5ºF to -13ºF Dry Winter Conditions
Elements exposure time: 2 Hours
Once again out photographing foxes, under the same type of activity above, the jacket alone performed well with a thermal layer. However, at a standstill I got chilled within :30 minutes. Being chilled was expected, because this was a functional limits test. I returned back to my vehicle and put a sweatshirt over my base layer, put the jacket back on. I was comfortable for the remainder of my time shooting, both stationary and active.
Indoor / Outdoor Performance
One of my favorite features about this jacket is even temperature distribution, which keeps me warm outside, but I don’t find myself overheating when I come inside. In either conditions, warming is even through out the jacket due to Patagonia’s staggered insulation pocket size and design.
Note: I’m a 6’ 200/lb born and raised Alaskan, I don’t chill easily as some might. In writing this review from experience, I did consider the sensitivity others may have in these temps. That said, at 0ºF you most might be chilled within 10-15 minutes.
Review SummaryThe shell of this jacket is constructed from Patagonia innovative lightweight synthetic nylon material, that is also wet resistant. The PlumaFill synthetic insulation is also very lightweight, and easily compressible. My issue with most of these type of jackets is that the fill shifts around from original stitch compartments to others, which creates cold spots in the jacket. I believe Patagonia has solved this with their staggered stitch design, which stabilizes the insulation from shifting around. (NICE!)

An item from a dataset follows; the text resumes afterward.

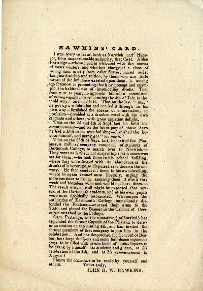 Hawkins learned a lot during his visit to Norwich. Soon after his visit, he published this card to be distributed widely. In it he accuses Norwich University President, Alden Partridge, of promoting the "habitual use of intoxicating drinks....and on the last 4th of July, he "presided at a drunken revel with his own students and others, with great apparent delight." He then "urged the more cautious to drink... the result was, as well might be expcted, that several of the Dartmouth students, and of his own pupils were most decidedly intoxicated."

All of this makes the jacket lightweight (9.3 oz), highly compressible, and folds down into its own pocket. I’ve worn my jacket everyday this winter from daily use, to all my outdoor activities in photography. As of this review, I’ve not seen any insulation shift, rips, or tears. I have noticed some random threads appear and dangle, but none that show any integrity changes of the jacket. Perhaps “end threads” tucked away during manufacturing. A quick snip with scissors, all seem to be fine!

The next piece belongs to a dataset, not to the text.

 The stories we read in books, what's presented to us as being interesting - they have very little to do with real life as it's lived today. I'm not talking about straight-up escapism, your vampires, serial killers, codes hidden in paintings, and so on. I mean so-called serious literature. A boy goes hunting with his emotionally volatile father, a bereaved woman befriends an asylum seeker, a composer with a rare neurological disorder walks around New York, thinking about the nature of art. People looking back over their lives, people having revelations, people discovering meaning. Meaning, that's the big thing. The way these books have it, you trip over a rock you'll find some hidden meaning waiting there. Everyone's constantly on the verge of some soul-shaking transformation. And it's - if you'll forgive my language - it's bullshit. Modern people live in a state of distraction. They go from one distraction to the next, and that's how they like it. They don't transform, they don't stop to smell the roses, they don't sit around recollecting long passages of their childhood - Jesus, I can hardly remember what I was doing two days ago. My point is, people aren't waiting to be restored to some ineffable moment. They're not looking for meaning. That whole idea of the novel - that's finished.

The Patagonia Micro Puff Hoody is an outstanding lightweight jacket, as well a sublayer. While it feels less than substantial, it’s worth your time to give Patagonia’s technology a run for your money… You’ll be very happy!
This is not a paid or sponsored gear review, and the Patagonia Micro Puff Hoody was purchased out of pocket. I will update here further as I continue to use this product regarding covering any pros and cons on durability. My opinions are mine based on real world product experiences.